### Directions
Restate word for word the lines of the entries below, starting with the line that holds "Мозаика – декоративный" and ending with the line that holds "黑色的衬衣很显瘦,这件也不例外,宽宽松松的,也可以配短裤或牛仔裤穿", and no others.
─── Records ───
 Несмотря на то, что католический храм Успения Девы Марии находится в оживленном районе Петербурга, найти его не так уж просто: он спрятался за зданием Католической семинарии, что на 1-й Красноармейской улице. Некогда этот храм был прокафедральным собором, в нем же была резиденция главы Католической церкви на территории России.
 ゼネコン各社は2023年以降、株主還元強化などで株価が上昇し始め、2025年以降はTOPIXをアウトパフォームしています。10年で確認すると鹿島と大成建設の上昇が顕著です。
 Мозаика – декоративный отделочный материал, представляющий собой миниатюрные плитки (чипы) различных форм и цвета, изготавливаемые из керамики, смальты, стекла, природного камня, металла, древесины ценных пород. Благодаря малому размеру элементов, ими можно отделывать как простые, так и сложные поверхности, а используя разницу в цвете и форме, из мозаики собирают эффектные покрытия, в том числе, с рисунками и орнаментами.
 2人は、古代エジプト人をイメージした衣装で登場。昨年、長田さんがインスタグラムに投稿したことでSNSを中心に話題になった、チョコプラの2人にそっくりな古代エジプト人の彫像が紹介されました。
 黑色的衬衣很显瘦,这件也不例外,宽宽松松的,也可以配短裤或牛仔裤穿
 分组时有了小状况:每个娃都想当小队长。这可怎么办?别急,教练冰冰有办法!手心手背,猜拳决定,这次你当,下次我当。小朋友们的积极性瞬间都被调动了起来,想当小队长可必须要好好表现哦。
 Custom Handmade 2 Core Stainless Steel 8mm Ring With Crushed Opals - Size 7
───
─── Records ───
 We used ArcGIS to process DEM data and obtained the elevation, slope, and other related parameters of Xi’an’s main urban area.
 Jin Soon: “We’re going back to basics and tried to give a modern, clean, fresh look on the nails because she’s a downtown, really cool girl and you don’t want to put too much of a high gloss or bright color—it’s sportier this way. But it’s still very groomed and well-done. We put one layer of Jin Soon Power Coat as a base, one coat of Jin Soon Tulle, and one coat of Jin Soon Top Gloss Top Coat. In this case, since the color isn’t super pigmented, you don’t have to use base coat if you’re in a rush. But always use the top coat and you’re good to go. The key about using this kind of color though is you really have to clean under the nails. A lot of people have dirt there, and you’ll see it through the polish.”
───
─── Records ───
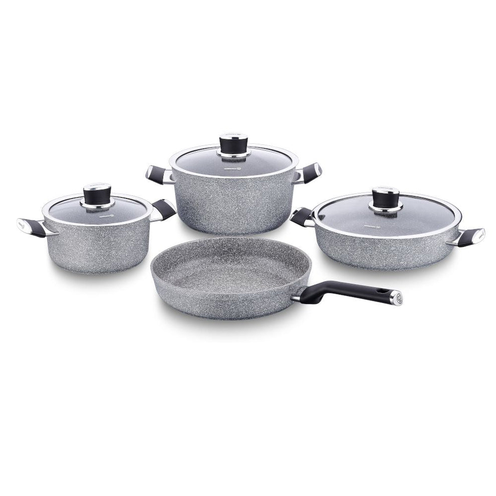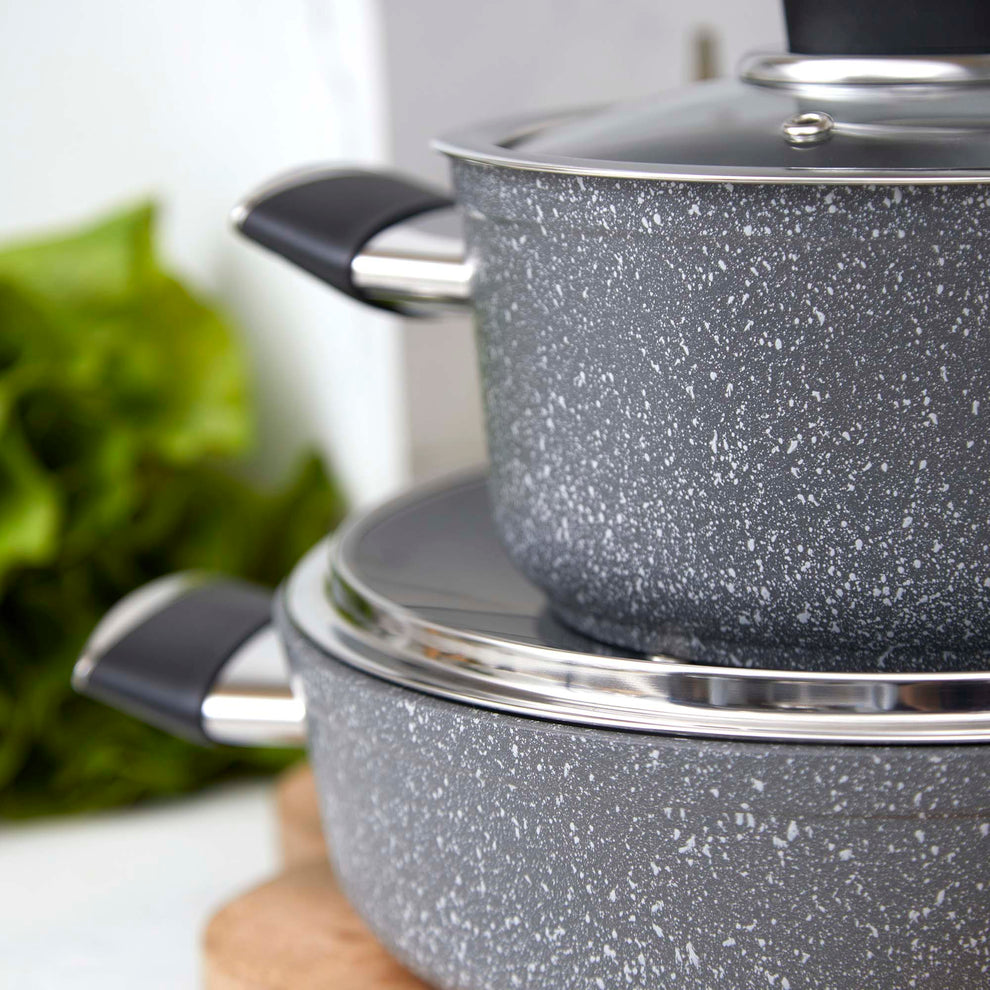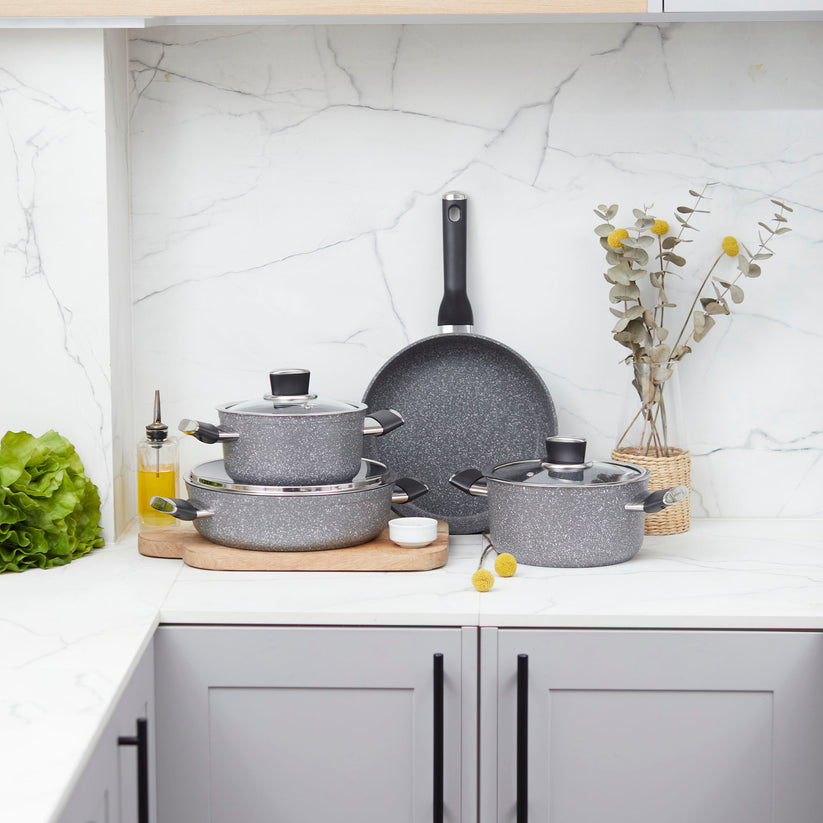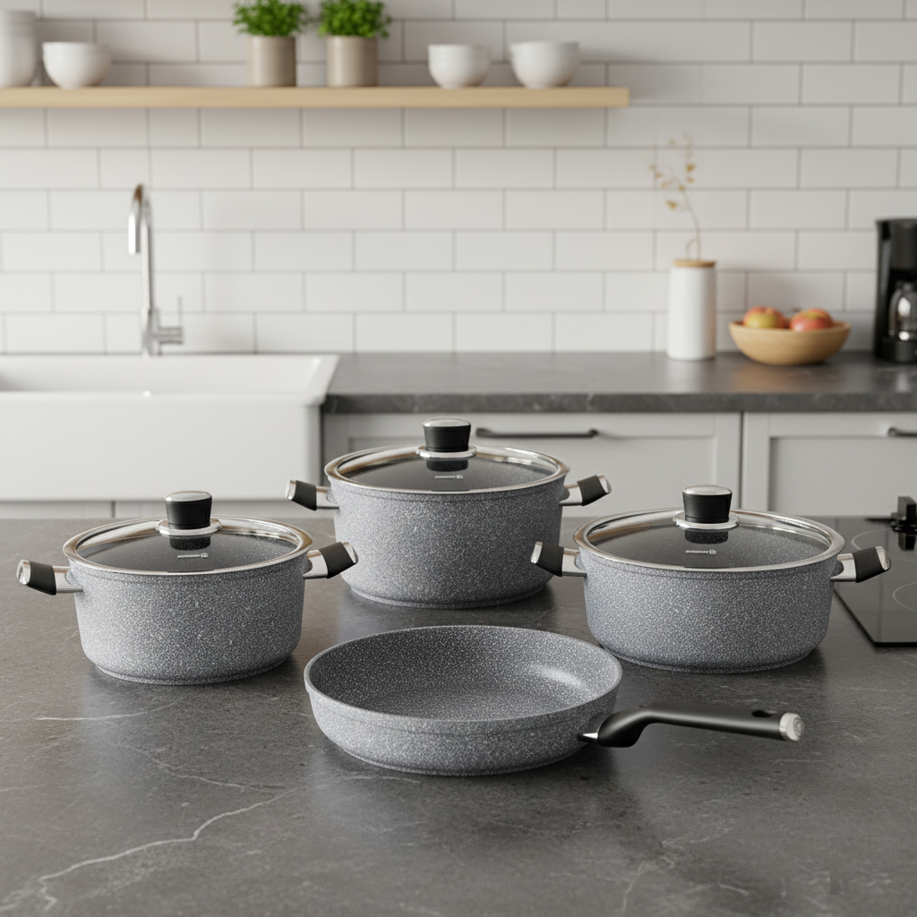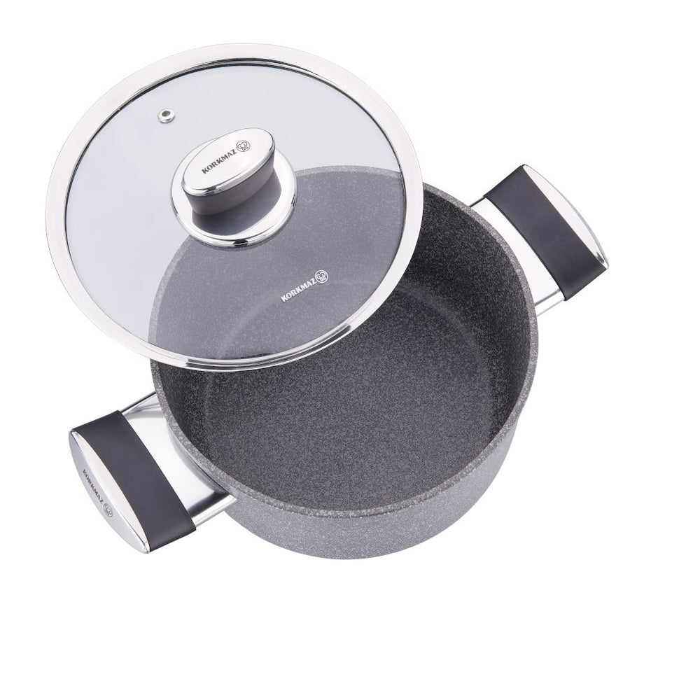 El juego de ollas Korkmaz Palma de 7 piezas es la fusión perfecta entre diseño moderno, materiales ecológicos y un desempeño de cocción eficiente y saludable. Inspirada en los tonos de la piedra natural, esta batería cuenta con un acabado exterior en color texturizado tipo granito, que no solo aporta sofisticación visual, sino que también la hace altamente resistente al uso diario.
───
### Reply
 Мозаика – декоративный отделочный материал, представляющий собой миниатюрные плитки (чипы) различных форм и цвета, изготавливаемые из керамики, смальты, стекла, природного камня, металла, древесины ценных пород. Благодаря малому размеру элементов, ими можно отделывать как простые, так и сложные поверхности, а используя разницу в цвете и форме, из мозаики собирают эффектные покрытия, в том числе, с рисунками и орнаментами.
 2人は、古代エジプト人をイメージした衣装で登場。昨年、長田さんがインスタグラムに投稿したことでSNSを中心に話題になった、チョコプラの2人にそっくりな古代エジプト人の彫像が紹介されました。
 黑色的衬衣很显瘦,这件也不例外,宽宽松松的,也可以配短裤或牛仔裤穿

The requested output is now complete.